Data provided:
◇ ◇ ◇ ◇ ◇

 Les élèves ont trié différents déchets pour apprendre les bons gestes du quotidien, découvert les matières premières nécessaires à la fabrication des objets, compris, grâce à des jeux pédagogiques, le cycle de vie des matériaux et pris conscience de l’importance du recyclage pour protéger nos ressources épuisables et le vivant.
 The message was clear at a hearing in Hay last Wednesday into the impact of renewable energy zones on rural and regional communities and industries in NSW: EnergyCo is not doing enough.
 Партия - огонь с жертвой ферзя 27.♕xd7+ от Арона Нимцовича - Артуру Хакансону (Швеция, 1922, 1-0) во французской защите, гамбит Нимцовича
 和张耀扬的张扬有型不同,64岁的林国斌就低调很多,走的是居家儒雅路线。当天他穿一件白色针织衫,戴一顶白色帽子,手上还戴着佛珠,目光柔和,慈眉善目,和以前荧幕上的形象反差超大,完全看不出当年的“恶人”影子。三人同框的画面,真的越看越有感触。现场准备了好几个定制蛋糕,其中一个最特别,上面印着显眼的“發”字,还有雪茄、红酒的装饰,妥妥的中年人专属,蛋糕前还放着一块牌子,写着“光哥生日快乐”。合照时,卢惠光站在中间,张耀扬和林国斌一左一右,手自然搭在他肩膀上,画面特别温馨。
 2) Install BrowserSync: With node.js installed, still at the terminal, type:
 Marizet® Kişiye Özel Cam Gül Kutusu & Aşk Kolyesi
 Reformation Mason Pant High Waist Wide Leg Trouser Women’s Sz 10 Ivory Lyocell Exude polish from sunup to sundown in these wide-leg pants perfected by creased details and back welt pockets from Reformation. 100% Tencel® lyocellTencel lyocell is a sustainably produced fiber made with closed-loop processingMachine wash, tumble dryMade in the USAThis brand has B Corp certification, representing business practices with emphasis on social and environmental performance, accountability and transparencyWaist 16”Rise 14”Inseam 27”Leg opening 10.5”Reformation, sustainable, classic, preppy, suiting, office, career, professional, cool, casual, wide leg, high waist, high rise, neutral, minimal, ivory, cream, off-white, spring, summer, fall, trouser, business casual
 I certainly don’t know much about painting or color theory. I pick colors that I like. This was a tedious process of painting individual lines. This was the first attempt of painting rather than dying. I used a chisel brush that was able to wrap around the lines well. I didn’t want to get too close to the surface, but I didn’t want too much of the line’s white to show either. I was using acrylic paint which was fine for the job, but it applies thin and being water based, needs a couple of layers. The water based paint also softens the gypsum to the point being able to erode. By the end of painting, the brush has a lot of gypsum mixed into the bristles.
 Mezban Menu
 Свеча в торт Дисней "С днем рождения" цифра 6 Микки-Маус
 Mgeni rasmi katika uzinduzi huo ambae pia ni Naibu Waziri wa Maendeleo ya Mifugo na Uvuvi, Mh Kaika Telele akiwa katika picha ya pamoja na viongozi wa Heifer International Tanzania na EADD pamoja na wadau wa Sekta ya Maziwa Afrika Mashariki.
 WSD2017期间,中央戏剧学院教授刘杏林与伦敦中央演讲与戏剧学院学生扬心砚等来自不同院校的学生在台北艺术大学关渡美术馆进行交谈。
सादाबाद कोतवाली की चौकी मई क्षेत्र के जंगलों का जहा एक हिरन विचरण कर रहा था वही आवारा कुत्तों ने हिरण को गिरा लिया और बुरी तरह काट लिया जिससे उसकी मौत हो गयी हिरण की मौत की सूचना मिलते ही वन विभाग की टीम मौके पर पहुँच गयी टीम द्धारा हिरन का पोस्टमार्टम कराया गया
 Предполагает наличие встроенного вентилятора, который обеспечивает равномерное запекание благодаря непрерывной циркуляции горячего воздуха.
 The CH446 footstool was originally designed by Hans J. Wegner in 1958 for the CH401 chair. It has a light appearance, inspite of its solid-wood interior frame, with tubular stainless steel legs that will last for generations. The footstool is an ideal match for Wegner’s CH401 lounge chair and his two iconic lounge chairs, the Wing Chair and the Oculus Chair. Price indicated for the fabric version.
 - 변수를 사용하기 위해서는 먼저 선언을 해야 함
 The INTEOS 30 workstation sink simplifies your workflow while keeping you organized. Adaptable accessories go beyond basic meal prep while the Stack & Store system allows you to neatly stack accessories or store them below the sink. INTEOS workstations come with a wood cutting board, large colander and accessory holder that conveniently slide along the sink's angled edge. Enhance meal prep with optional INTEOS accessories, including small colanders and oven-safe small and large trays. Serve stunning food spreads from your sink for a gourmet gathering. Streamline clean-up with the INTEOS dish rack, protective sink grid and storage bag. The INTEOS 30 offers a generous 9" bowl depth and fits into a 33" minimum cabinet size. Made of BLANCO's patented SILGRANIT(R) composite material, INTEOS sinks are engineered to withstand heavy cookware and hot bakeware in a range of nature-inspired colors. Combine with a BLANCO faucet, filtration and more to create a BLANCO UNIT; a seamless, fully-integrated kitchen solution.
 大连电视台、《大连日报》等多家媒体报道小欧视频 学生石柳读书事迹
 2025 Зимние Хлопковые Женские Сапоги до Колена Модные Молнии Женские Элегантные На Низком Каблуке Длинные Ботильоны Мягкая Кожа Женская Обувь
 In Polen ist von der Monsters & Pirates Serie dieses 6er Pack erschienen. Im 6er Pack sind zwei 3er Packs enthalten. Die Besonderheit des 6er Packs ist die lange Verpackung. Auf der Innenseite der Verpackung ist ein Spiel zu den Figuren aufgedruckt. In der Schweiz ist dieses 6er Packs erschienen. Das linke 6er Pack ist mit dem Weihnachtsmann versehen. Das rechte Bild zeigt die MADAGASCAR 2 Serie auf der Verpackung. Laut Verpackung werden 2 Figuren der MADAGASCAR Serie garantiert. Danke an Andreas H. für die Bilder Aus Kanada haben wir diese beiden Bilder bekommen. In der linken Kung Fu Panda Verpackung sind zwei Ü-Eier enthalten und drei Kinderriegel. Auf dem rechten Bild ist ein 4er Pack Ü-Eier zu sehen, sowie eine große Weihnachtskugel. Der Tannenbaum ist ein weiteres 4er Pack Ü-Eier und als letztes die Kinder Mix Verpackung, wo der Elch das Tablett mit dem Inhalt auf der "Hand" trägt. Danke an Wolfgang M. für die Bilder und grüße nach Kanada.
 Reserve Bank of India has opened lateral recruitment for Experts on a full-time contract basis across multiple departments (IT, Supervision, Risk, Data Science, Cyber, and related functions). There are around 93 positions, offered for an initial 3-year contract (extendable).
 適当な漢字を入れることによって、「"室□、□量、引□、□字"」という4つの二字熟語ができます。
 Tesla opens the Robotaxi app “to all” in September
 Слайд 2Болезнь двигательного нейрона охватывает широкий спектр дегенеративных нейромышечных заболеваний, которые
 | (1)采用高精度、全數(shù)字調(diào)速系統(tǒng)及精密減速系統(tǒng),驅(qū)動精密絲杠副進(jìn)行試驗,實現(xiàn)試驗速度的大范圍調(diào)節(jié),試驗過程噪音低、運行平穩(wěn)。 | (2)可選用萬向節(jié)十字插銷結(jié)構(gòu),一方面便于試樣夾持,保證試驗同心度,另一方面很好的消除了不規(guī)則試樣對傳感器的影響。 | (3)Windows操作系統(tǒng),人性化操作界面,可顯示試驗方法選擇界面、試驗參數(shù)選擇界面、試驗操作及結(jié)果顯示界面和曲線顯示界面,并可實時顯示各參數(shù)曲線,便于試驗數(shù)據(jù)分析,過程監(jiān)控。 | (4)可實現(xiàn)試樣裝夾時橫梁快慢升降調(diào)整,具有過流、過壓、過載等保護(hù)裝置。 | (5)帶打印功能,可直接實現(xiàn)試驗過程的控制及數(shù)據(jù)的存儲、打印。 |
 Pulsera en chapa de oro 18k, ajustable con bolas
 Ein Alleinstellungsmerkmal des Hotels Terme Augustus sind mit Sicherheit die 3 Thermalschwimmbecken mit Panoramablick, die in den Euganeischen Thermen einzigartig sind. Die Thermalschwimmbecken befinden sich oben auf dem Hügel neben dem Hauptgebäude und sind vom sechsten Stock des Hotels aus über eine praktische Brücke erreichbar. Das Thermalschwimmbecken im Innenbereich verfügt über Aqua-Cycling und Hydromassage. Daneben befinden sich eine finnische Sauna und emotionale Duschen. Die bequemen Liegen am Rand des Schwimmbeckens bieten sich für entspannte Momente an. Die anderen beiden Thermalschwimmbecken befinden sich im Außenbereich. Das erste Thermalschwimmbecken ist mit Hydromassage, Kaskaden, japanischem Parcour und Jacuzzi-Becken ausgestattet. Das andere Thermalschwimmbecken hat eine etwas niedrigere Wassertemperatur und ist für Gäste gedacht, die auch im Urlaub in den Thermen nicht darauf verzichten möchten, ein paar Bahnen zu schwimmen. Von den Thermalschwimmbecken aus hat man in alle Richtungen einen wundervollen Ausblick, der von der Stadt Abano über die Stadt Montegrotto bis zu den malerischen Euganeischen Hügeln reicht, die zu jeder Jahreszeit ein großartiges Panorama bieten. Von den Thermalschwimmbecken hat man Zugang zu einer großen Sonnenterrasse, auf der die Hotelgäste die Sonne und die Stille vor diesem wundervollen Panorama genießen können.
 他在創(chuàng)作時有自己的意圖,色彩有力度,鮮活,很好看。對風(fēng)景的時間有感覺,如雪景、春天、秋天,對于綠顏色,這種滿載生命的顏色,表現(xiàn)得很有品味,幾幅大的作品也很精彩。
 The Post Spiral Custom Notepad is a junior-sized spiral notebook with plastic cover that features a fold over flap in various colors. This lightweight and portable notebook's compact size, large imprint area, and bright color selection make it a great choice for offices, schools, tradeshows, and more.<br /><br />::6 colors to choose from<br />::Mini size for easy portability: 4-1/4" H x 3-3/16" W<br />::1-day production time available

◇ ◇ ◇ ◇ ◇

What to do: Quote, with nothing altered, all lines from the start of the entries to the line that carries "Marizet® Kişiye Özel", inclusive.

Solution to this exercise:
 Les élèves ont trié différents déchets pour apprendre les bons gestes du quotidien, découvert les matières premières nécessaires à la fabrication des objets, compris, grâce à des jeux pédagogiques, le cycle de vie des matériaux et pris conscience de l’importance du recyclage pour protéger nos ressources épuisables et le vivant.
 The message was clear at a hearing in Hay last Wednesday into the impact of renewable energy zones on rural and regional communities and industries in NSW: EnergyCo is not doing enough.
 Партия - огонь с жертвой ферзя 27.♕xd7+ от Арона Нимцовича - Артуру Хакансону (Швеция, 1922, 1-0) во французской защите, гамбит Нимцовича
 和张耀扬的张扬有型不同,64岁的林国斌就低调很多,走的是居家儒雅路线。当天他穿一件白色针织衫,戴一顶白色帽子,手上还戴着佛珠,目光柔和,慈眉善目,和以前荧幕上的形象反差超大,完全看不出当年的“恶人”影子。三人同框的画面,真的越看越有感触。现场准备了好几个定制蛋糕,其中一个最特别,上面印着显眼的“發”字,还有雪茄、红酒的装饰,妥妥的中年人专属,蛋糕前还放着一块牌子,写着“光哥生日快乐”。合照时,卢惠光站在中间,张耀扬和林国斌一左一右,手自然搭在他肩膀上,画面特别温馨。
 2) Install BrowserSync: With node.js installed, still at the terminal, type:
 Marizet® Kişiye Özel Cam Gül Kutusu & Aşk Kolyesi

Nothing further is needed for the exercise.